Ramirez has had a phenomenal season. 24 HR, 106 RBI .342/.410/.543. Those are elite numbers. As the Marlin’s website tellingly states, Ramirez was “second to one” in the MVP voting this year.

The trouble is, the MVP award is not about crowning the best player in the division. If that were the case Dustin Pedroia would not have had a prayer in 2008. It is about choosing that player which was most valuable to his team. That the Cardinals still limped into the playoffs despite Albert not going deep once in September must surely tell us something about his value to that team. While Pujols is the face of the organisation and a vital, invaluable part of that team, it is not like the Cardinals were devoid of talent without him. Holliday, Carpenter, Wainwright, even guys like Skip Schmacher and Ryan Ludwick all made up the pieces of the puzzle for the Cards in ’09. It was not simply the Albert Pujols show.

Not so the Marlins. While the team benefitted from the emergence of Chris Coghlan and got another year of all-or-nothing production from the soon-to-depart Dan Uggla they were a very different team from the Marlin’s sides of 2006 and 2007. Gone is Miggy Cabrera, Hanley Ramirez is now, to once again pilfer the infamous Reggie Jackson quote: the straw that stirs the drink. Simply put, (Josh Johnson’s pitching aside) Hanley is everything to the Fish.

The Marlins were a contender for much of 2009. Without Ramirez the story would have been far different and would have seen them rival Pittsburgh and DC for the most hopeless franchise in baseball.

All that and what’s more is that Hanley is a short stop. A short stop! The very heart of the infield. In the thick of everything, all year long. Surely one could make a convincing argument that having an elite offensive player at a position generally reversed for mediocre hitting, fleet-footed players is inherently more valuable that having a slightly more productive player at first base, a position renowned (along with LF) for housing hulking, defensively sub-standard players of the Adam Dunn/Ryan Howard variety.

I for one expect Hanley to win this award comfortably in 2010. Hopefully then this guy will finally get what he deserves; the opportunity to play for a team that cares one iota about winning, can actually draw an attendance that isn’t a league-wide joke and give him the treatment an MVP calibre player deserves.

Love that dirty water, Boston, you’re my home.

Thursday 12 November 2009

The Gold Glove Conspiracy



So the gold glove winners have been announced and I can’t say there are too many surprises in this year’s winners.
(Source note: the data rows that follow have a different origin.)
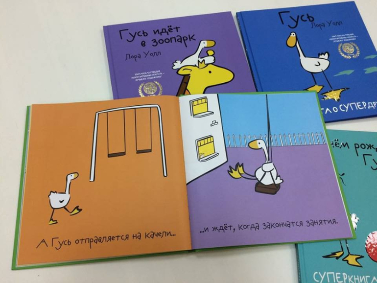 История Софии и Гуся начинается на детской площадке, куда пятилетняя девочка отправилась вместе с мамой. Софии было грустно и одиноко, так как рядом не было друга, с которым можно было бы вместе играть. Но вдруг появляется… Гусь! Герои быстро становятся друзьями и теперь им некогда скучать. Вместе они играют, катаются с горки и качаются на качелях.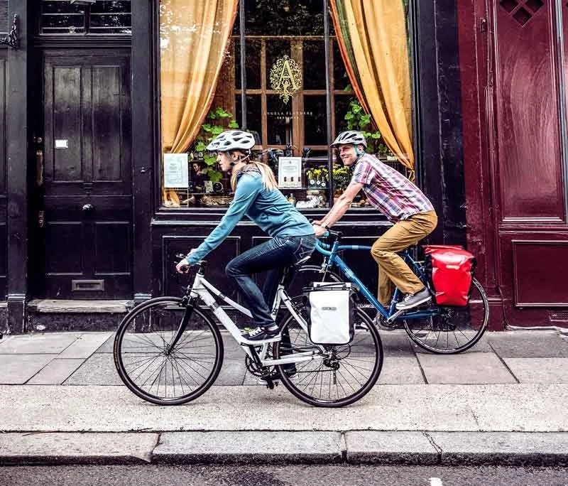 Die symmetrische, beidseitig angeschrägte Form sorgt für die nötige Beinfreiheit bei diesem ORTLIEB-Klassiker. Die Einzeltaschen können links oder rechts am Fahrrad befestigt werden
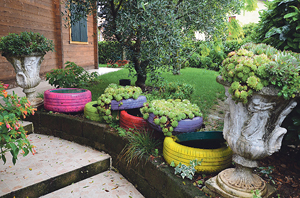 Da hat jemand in einem oberitalienischen Villendörfchen nicht weit vom See eine unerwartete Idee. Alte Reifen, kunterbunt, schief aufeinander stapeln, begrünen, bepflanzen und als Gartendekoration benützen. Eine ganz spezielle persönliche Gestaltung. Wir waren im Vorüberspazieren ganz hingerissen. Mit einem Garten vergleicht die Kirchenlehrerin Teresa von Ávila in ihrer Gebetslehre die Seele – die Schrift heißt „Vida“, das bedeutet „Leben“. Es gibt verschiedene Arten der Bewässerung für den Seelengarten. Das Spektrum reicht vom angestrengten, asketischen Beten bis zum „Regen“ Gottes, bei dem ich nichts mehr tun muss. Außer, alles zu lassen. Reines, vollkommenes Nichts-Tun, Nichts-Wollen. Letztens, eine Übungssituation für mich: Nein, die Hüttenwanderung wolle er nicht machen. Er fände es witzig, einfach mal im Garten zu lungern. Für den Fall, dass ich doch nicht auf „Gammelmodus“ umschalten könne, könne ich ja mein Hamsterrad mitbringen und darin laufen, während wir uns unterhielten. Nichts-Tun lernen, im Außen, im Innen. Seelenfreuden können sein: Einsamkeit und Stille, Erinnerung an eine tagelange Wüstenwanderung oder eine unglaubliche (Motorrad-)Reise, Nähe eines geliebten Menschen, ein Besinnungstext im Herzen wiederholt, Meditation am Morgen, der Durchbruch auf der Kletterroute. Wenn mein Leben momenthaft vom Glück überschwemmt wird. Der eigene, persönliche Garten, ohne mein Zutun durch und durch getränkt und erfrischt.

Nevertheless, and perhaps because of, this I find myself just as annoyed by these awards as I am every year.

And no, it’s not because no Red Sox players won. We were a defensive shambles from the jump in 2009, a defensive shambles that ultimately lost us the division. Youkilis and (in a prime example of ‘its better late than never’) Alex Gonzalez (the now without a contract for some Theo-only-knows reason Alex Gonzalez) were the only bright spots defensively for the ‘09 Sox. Apparently Jason Bay was perfect in LF for us this year, but the guy has a Johnny Damon-esqe arm, so he doesn’t count.
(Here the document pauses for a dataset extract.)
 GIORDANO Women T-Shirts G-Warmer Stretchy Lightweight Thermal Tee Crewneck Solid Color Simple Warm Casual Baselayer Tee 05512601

The trouble I have with the gold glove awards is the seeming ease previous winners are able to retain their glove. Take Torii Hunter for example. Now nobody disputes his brilliance in the field, nor his offensive prowess, nor, for that matter, that he seems like a really nice guy. But the fact of the matter is that Torii will likely take home the AL CF gold glove until the day he hangs up that glove, is this really fair?

No, it makes a mockery of what is supposed to be an award given out on merit. Torii wasn’t the best CF in the AL this year. Carlos Gomez of the Twins was. Gomez played more games at CF, has more assists and compiled the exact same .997 fielding percentage as Hunter did. Torii Hunter has won the award based on reputation and superior offensive value, two factors that should play no part in selecting the best defensive players at each position.

That being said, I used to love Eric Chavez and never had a problem when he’d win the third base gold glove year after year despite being more fragile than glass.

One also has to feel sorry for poor Kevin Kouzmanoff of the lowly Padres who has been pipped to the post by Ryan Zimmerman of the even more lowly Nats. Going back to what I said about Hunter, by rights Kouzmanoff should have won this award as he was the best defensive 3b in the NL in 2009. However, there wasn’t much in it, both players are first time winners playing for awful teams, and Zimmerman made ‘gold glove plays’ all year.

What frustrates me about Kouz losing is that the Padre’s have essentially done this to themselves. According to MLB.com the Pods GM sent a highlight reel of Kouzmanoff’s plays and defensive stats to all the other NL GMs instructing them to vote for his man. If I were Kouzmanoff I would not like this one little bit. I was always taught that praise (and by extension, reward) is something given, not asked for. Certainly were I in a position to award gold gloves, and found my vote was split between a player who did no electioneering and let his record speak for itself, and one who’s GM had been cheerleading for him since season’s end, I’d go with Zimmerman every time.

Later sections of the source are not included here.